4
votes

I have a question regarding the aggregation of imputed data as created by the R-package 'mice'.

As far as I understand it, the 'complete'-command of 'mice' is applied to extract the imputed values of, e.g., the first imputation. However, when running a total of ten imputations, I am not sure, which imputed values to extract. Does anyone know how to extract the (aggregate) imputed data across all imputations?

Since I would like to enter the data into MS Excel and perform further calculations in another software tool, such a command would be very helpful.

Thank you for your comments. A simple example (from 'mice' itself) can be found below:

R> library("mice")
R> nhanes
R> imp <- mice(nhanes, seed = 23109) #create imputation
R> complete(imp) #extraction of the five imputed datasets (row-stacked matrix)

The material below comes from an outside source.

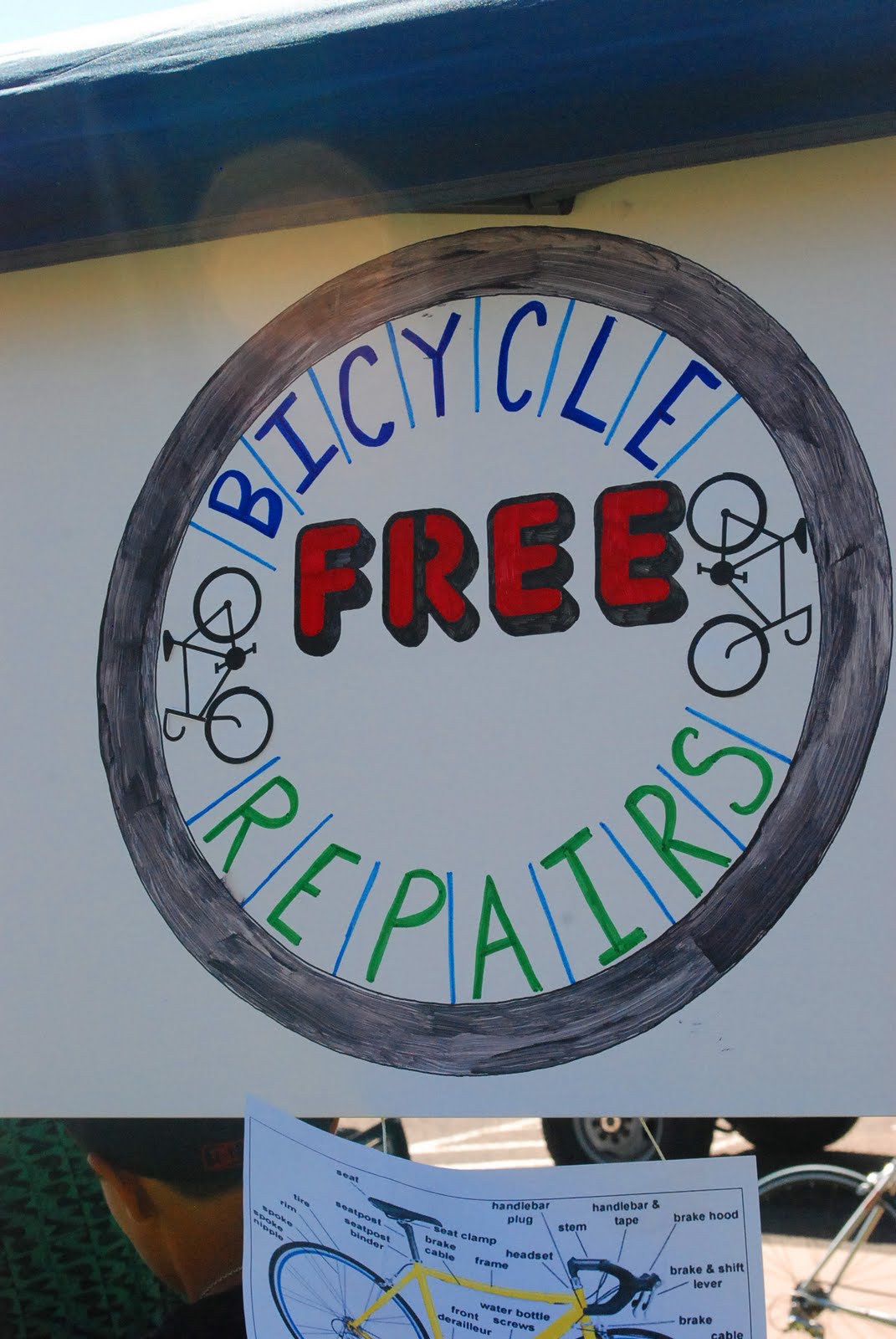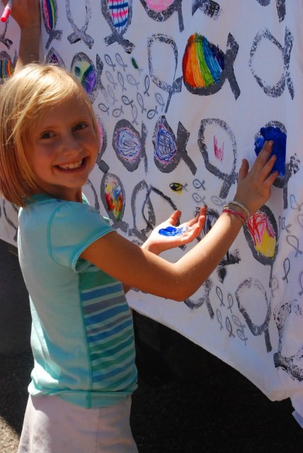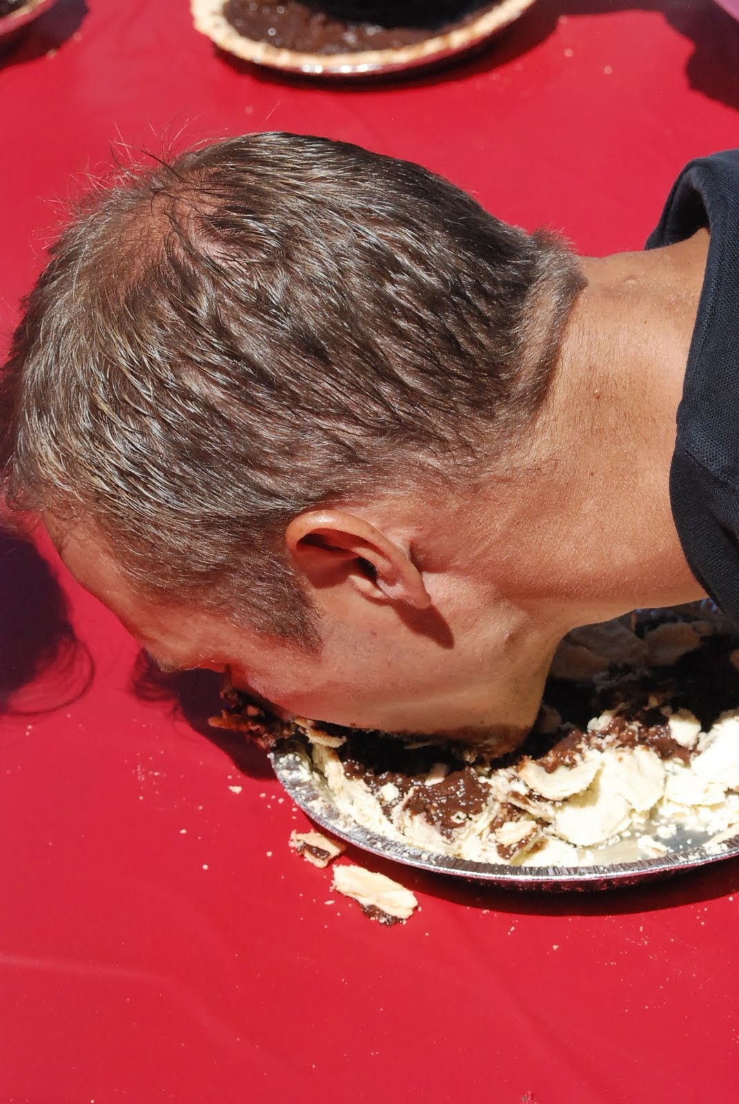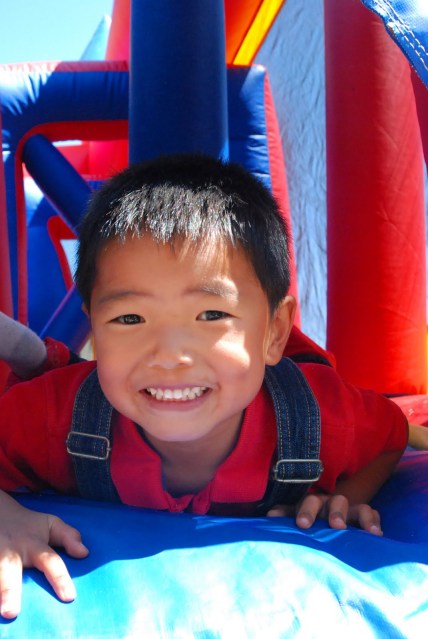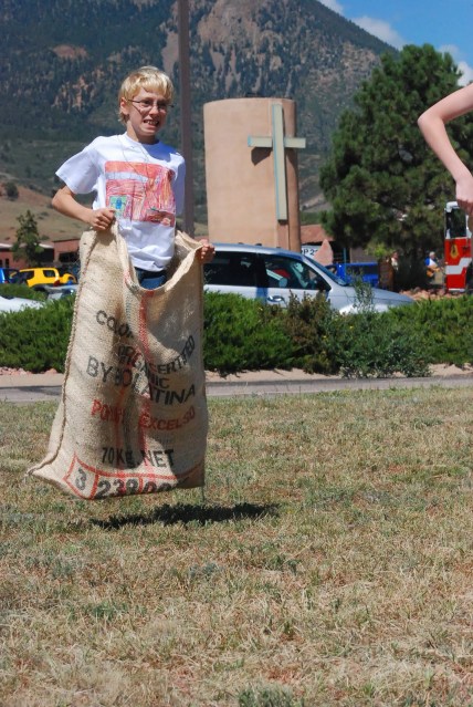Today we spent most of our day at church. Twice a year we have a community block party at our church. All is free, open to anyone, lots of good fun. The kids had a blast, running around like crazy between bounce houses, crafts, balloon animals, games, food and events. It was a gorgeous Colorado day and we thoroughly enjoyed ourselves. Again this year Scott had his bike repair tent and had tons of bikes stacked up for sizing, tuning and fixin’ up. He did step out of his tent to participate in the pie eating contest. And….he won. Now he is belly-aching about eating soooo much pie.

How can I aggregate the five imputed data sets and extract the imputed values to Excel?

3
I think it stands for National Health and Nutrition Examination SurveyMetrics

3 Answers

3
votes

I had similar issue. I used the code below which is good enough to numeric vars. For others I thought about randomly choose one of the imputed results (because averaging can disrupt it).

My offered code is (for numeric):

tempData <- mice(data,m=5,maxit=50,meth='pmm',seed=500)
completedData <- complete(tempData, 'long')
a<-aggregate(completedData[,3:6] , by = list(completedData$.id),FUN= mean)
  1. you should join the results back.
  2. I think the 'Hmisc' is a better package.
  3. if you already found nicer/ more elegant/ built in solution - please share with us.
1
votes

You should use complete(imp,action="long") to get values for each imputation. If you see ?complete, you will find

complete(x, action = 1, include = FALSE)

Arguments

x   
An object of class mids as created by the function mice().

action  
If action is a scalar between 1 and x$m, the function returns the data with imputation number action filled in. Thus, action=1 returns the first completed data set, action=2 returns the second completed data set, and so on. The value of action can also be one of the following strings: 'long', 'broad', 'repeated'. See 'Details' for the interpretation.

include 
Flag to indicate whether the orginal data with the missing values should be included. This requires that action is specified as 'long', 'broad' or 'repeated'.

So, the default is to return the first imputed values. In addition, the argument action can also be a string: long, broad, and repeated. If you enter long, it will give you the data in long format. You can also set include = TRUE if you want the original missing data.

0
votes

ok, but still you have to choose one imputed dataset for further analyses... I think the best option is to analyze using your complete(imp,action="long") and pool the results afterwards.fit <- with(data=imp,exp=lm(bmi~hyp+chl)) pool(fit)

but I also assume its not forbidden to use just one of the imputed datasets ;)